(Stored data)
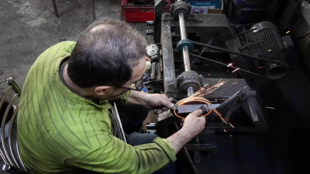 Ramazan Bayramı'ndan sonra başlayan hummalı çalışmada kurban bıçağı taleplerini karşılamak için çaba gösteren esnaf, önce makasla çelik ham maddeyi şekillendiriyor. Damgalama ve ısı işleminin ardından parlatma, sap takma ve bilemeyle bıçaklar kullanıma hazır hale getiriliyor.
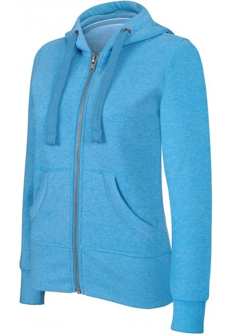 60 % Polyester / 40 % Baumwolle. Gebürstetes, leicht gemustertes Fleece. Gefütterte Kapuze mit Wabenstruktur. Nackenband am Kragen. Kängurutaschen. Strickbündchen an Ärmeln und Saum. Kein Markenetikett, nur Größenkennzeichnung am Kragen für eine leichtere Veredelung.
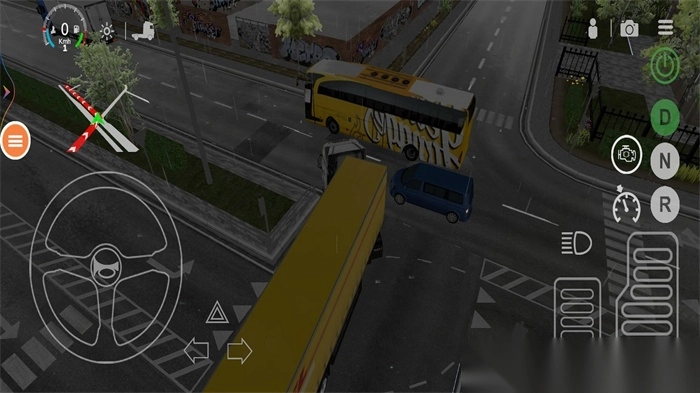 1. 通过虚拟方向盘或重力感应操控卡车,遵守交通规则按时将货物送达指定地点。
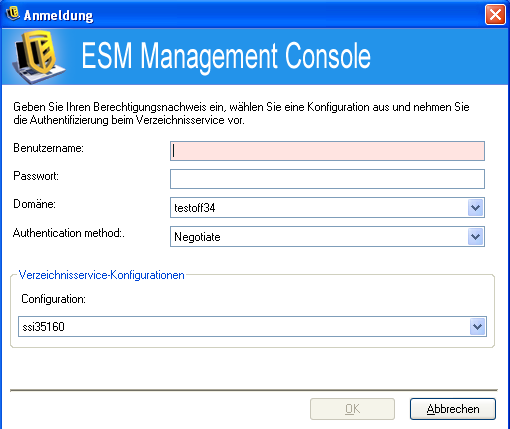 Um das Anmeldefenster der Verwaltungskonsole zu starten klicken Sie auf > > > > .
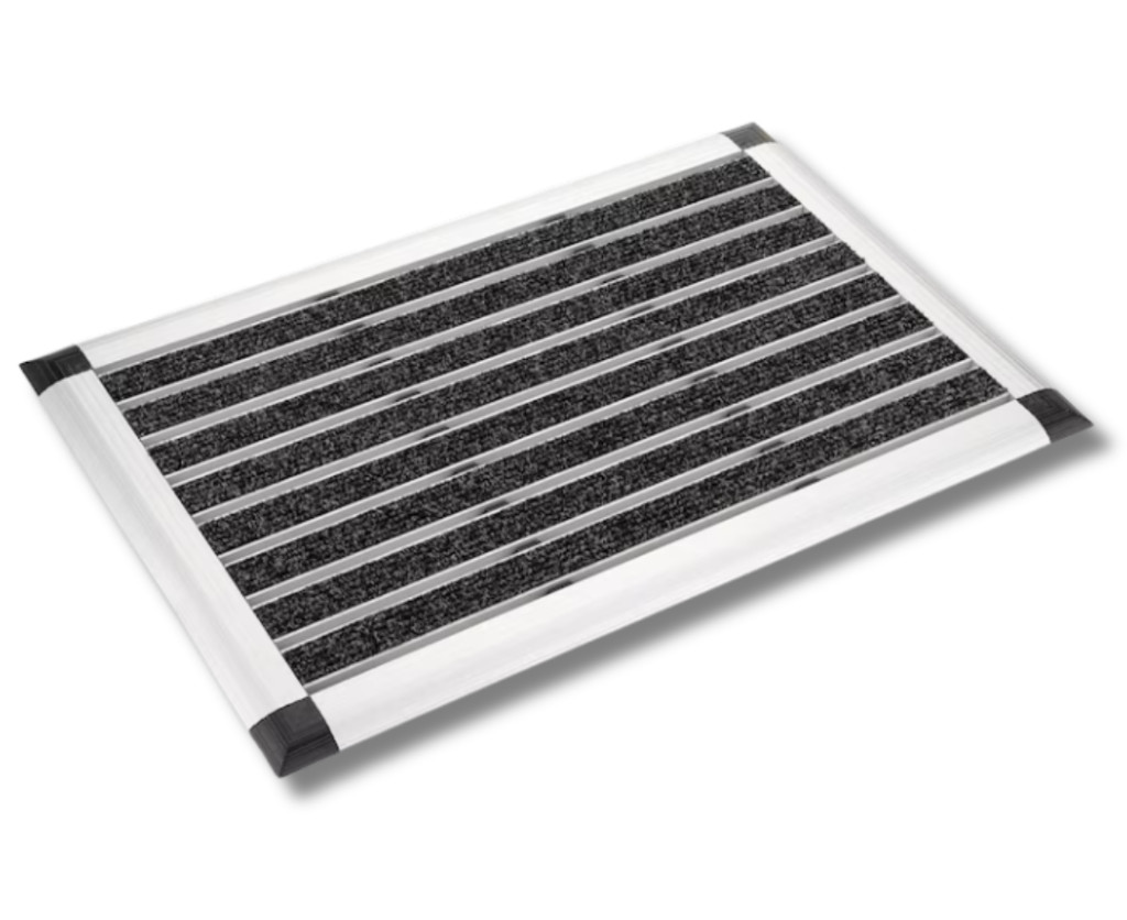 Alumínium profilos, durvaszálas szürke lábtörlőszőnyeg. Védi a padlót a a portól, sártól és ebből adódó károktól, szennyeződésektől. Nem igényel külön karbantartást. Könnyen tisztítható nagynyomású mosó segítségével. A durvaszálas kialakítása hatékonyan távolítja el a szennyeződéseket a cipőről.
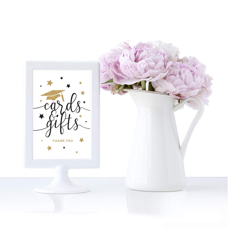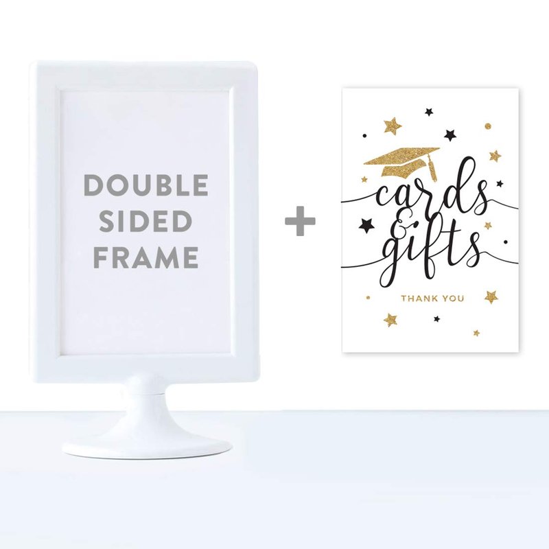 Andaz Press White and Gold Glittering Graduation Party Collection, Framed Party Sign, Double-Sided 4x6-inch, Cards & Gifts, 1-Pack, Includes Reusable Frame
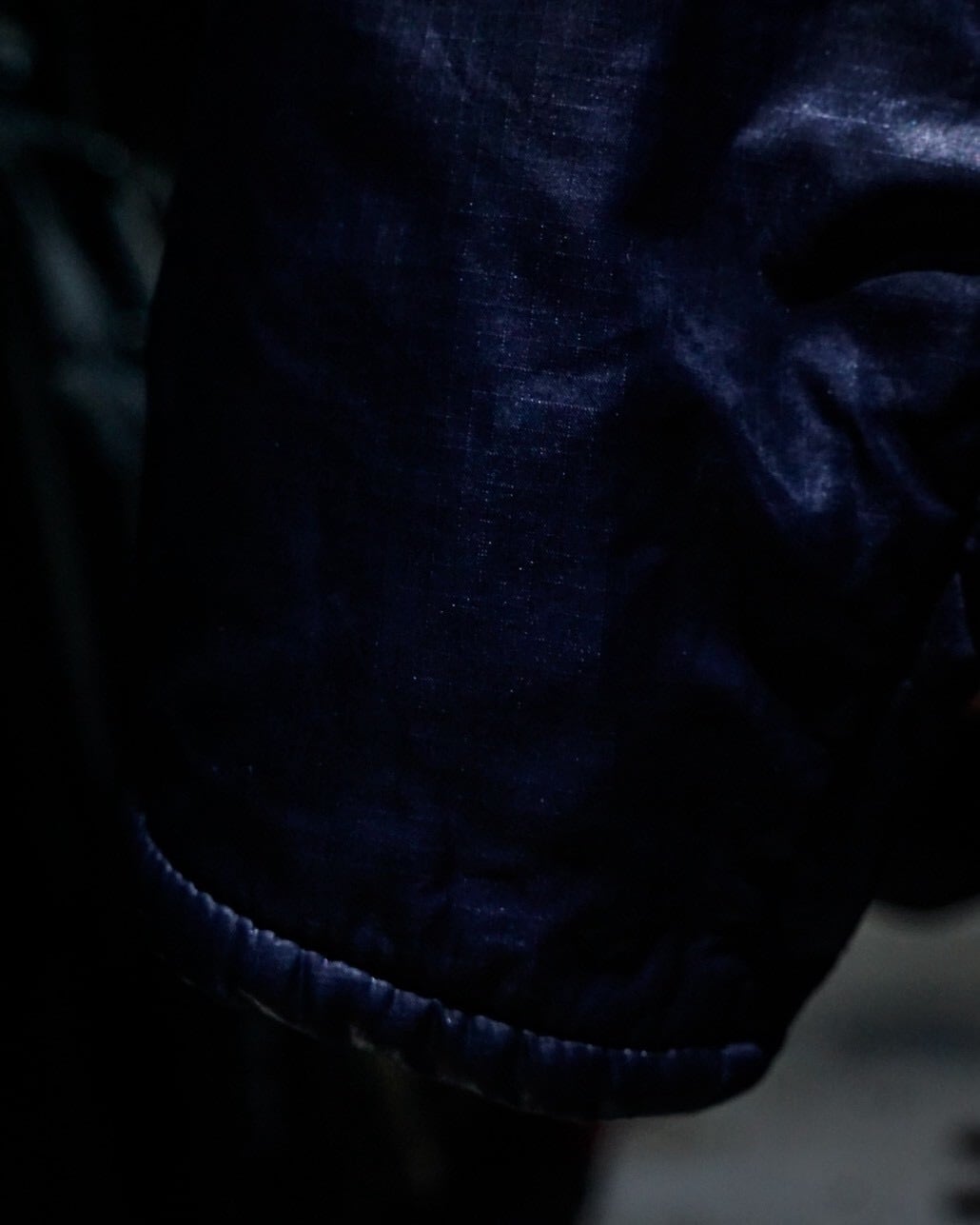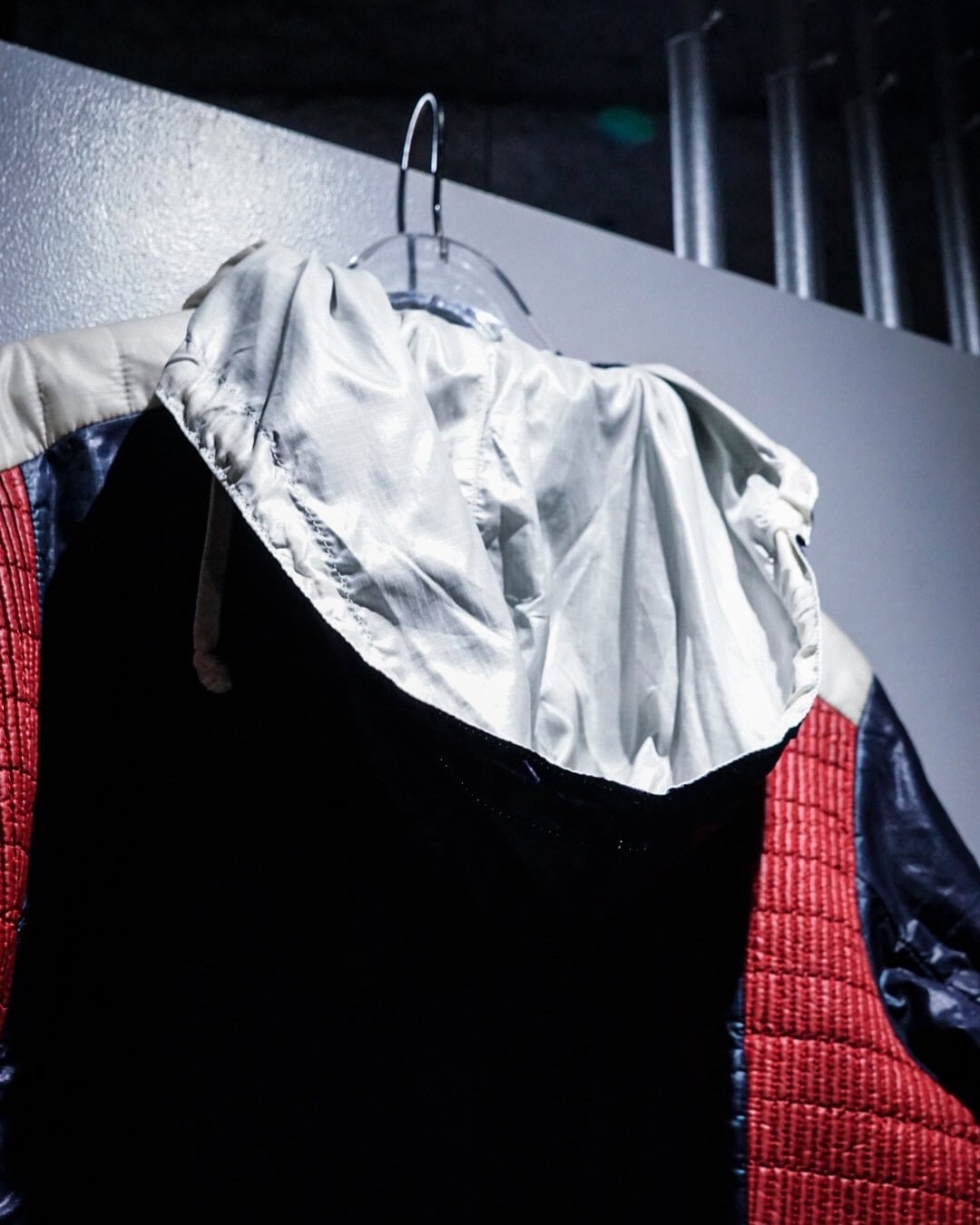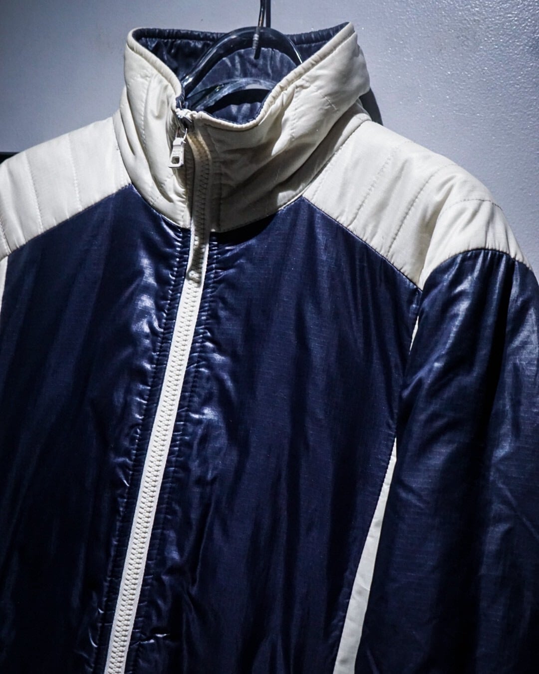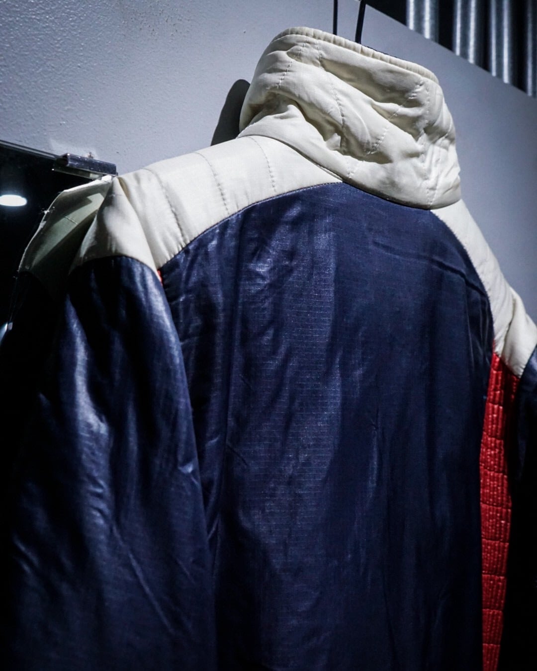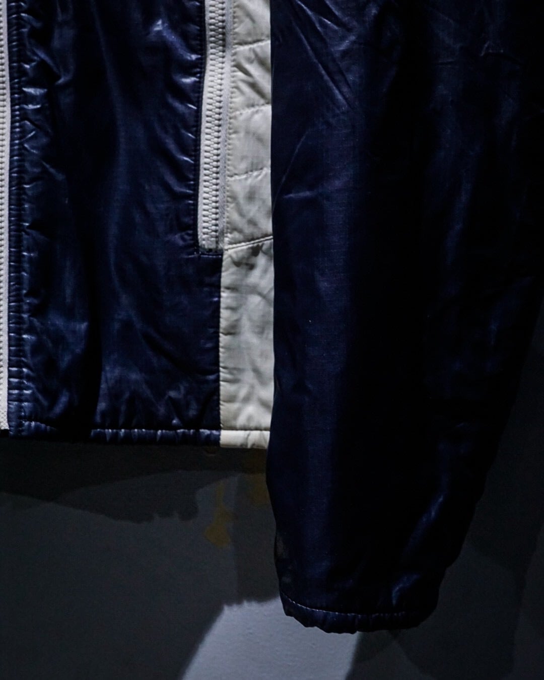 ボディは深みのあるネイビーカラーをベースに、エッジの効いた切り替えを施したナイロンパデットジャケット。

*The problem*
Exact copy, pictures excluded: every line above from the one containing "Um das Anmeldefenster" to the one containing "Alumínium profilos, durvaszálas", inclusive, and nothing more.

*Your response*
 Um das Anmeldefenster der Verwaltungskonsole zu starten klicken Sie auf > > > > .
 Alumínium profilos, durvaszálas szürke lábtörlőszőnyeg. Védi a padlót a a portól, sártól és ebből adódó károktól, szennyeződésektől. Nem igényel külön karbantartást. Könnyen tisztítható nagynyomású mosó segítségével. A durvaszálas kialakítása hatékonyan távolítja el a szennyeződéseket a cipőről.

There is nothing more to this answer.